I am 56.
Maybe I am unusual in that I was exposed to computer technology at a very early age (13) and I have spent my entire working life in the technology industry from support to marketing, to sales to account management.
But I am becoming more frustrated than ever with customers who are it seems to me becoming more technologically stupid.
Let me put together a few recent instances and create an imaginary customer who I shall call Mrs. Jones.
Mrs Jones is an office administrator at a well respected company. They use a software solution that my company wrote and we support and enhance.
We regularly provide updates to the different software components of the solution and it is the customer's responsibility in the case of Mrs. Jones to download the solution from our FTP site and follow the written instructions to install it. These instructions are specific for each site as each installation is different as the customers have different servers with different names as well as locations on the server that the applications are installed in.
Mrs.
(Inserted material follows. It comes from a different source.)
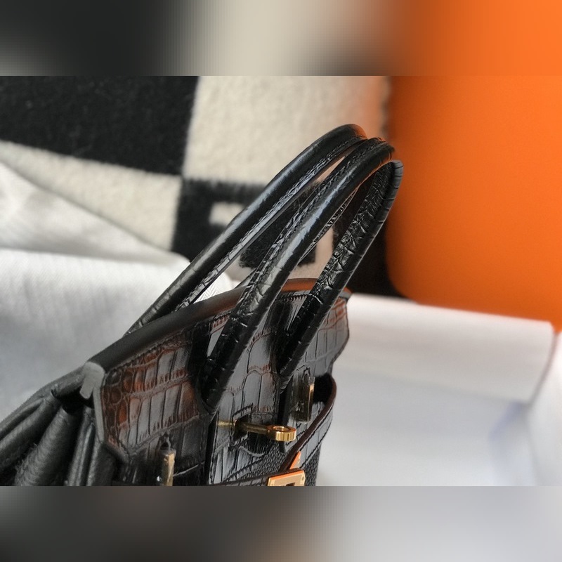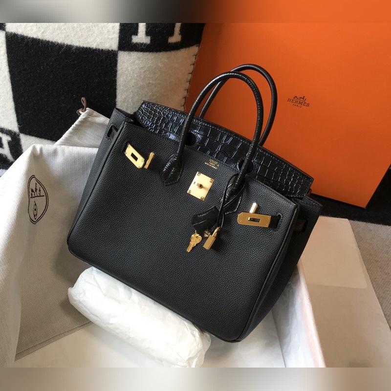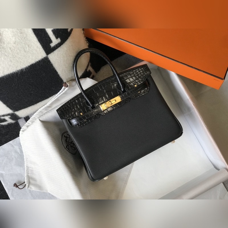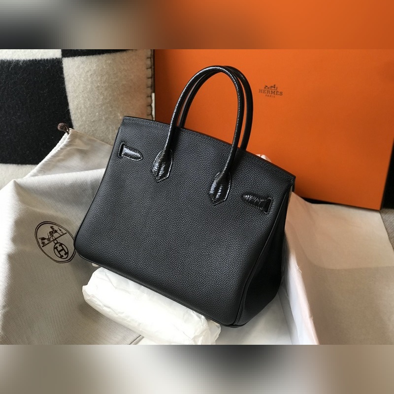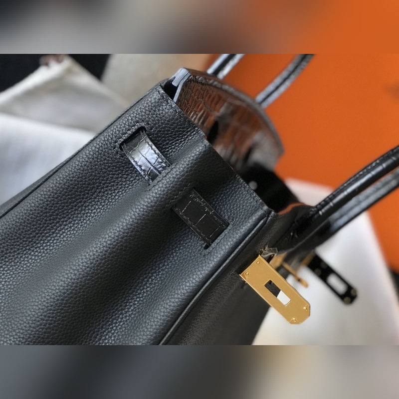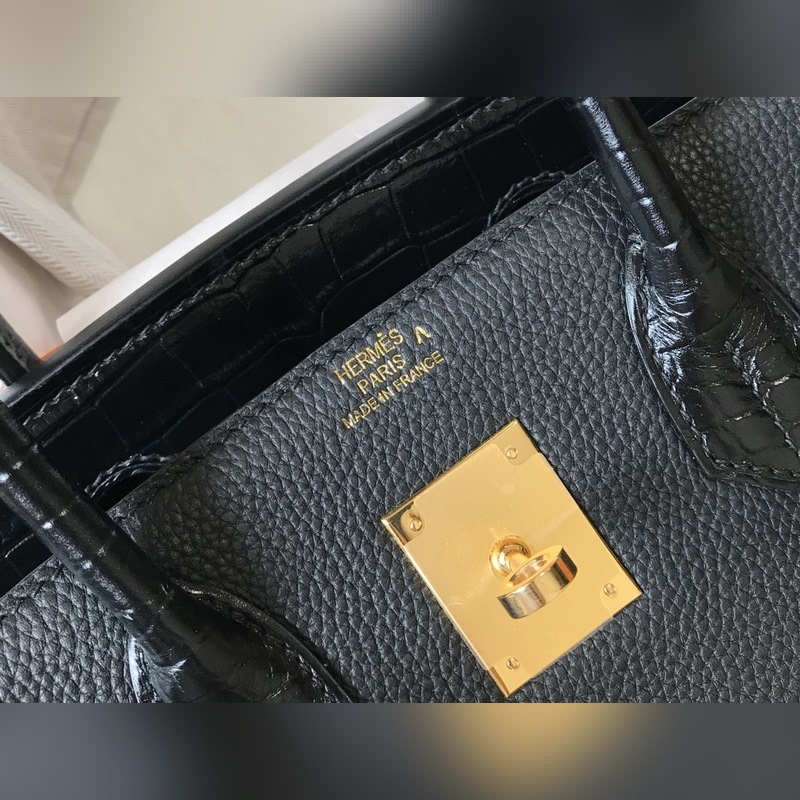 Hermes Black Nile Shiny Crocodile and Togo Leather Handbag

Jones fails everytime to get the software installed. With each failure comes the assumption that our software is wrong or that we have changed the instructions. This assumption spreads to the senior management in the company who now question the effectiveness of our solution.
Mrs. Jones is about my age and yes has not spent a working life in IT but please it is a simple process of some 4 steps to download and install the software. It is more complex to parallel park a car and plenty fail at that.
We have over 500 installations of the software in Africa but thankfully only a handful of Mrs. Jones.
Am I just getting impatient? Or do I expect the customer to be more IT literate than they are?

written by Jawellnofine, March 30, 2011
written by Charmed, March 30, 2011
written by Jawellnofine, March 30, 2011
written by Skarlett_Fury, March 30, 2011
And it's not just older people. It's people my age too (21). It's so frustrating, when all the person has to do is (actually) read the error message so that they can follow the correct steps to fix it. Instead, they see this pop-up dialog box, and they go, "It's broken".
Argh!
You have my sympathy.
written by Dissol, March 31, 2011
written by TyrannicalDuck, March 31, 2011
written by grahampvdm, April 01, 2011
The most well-written and in-depth instructions are wasted on those who refuse to read them.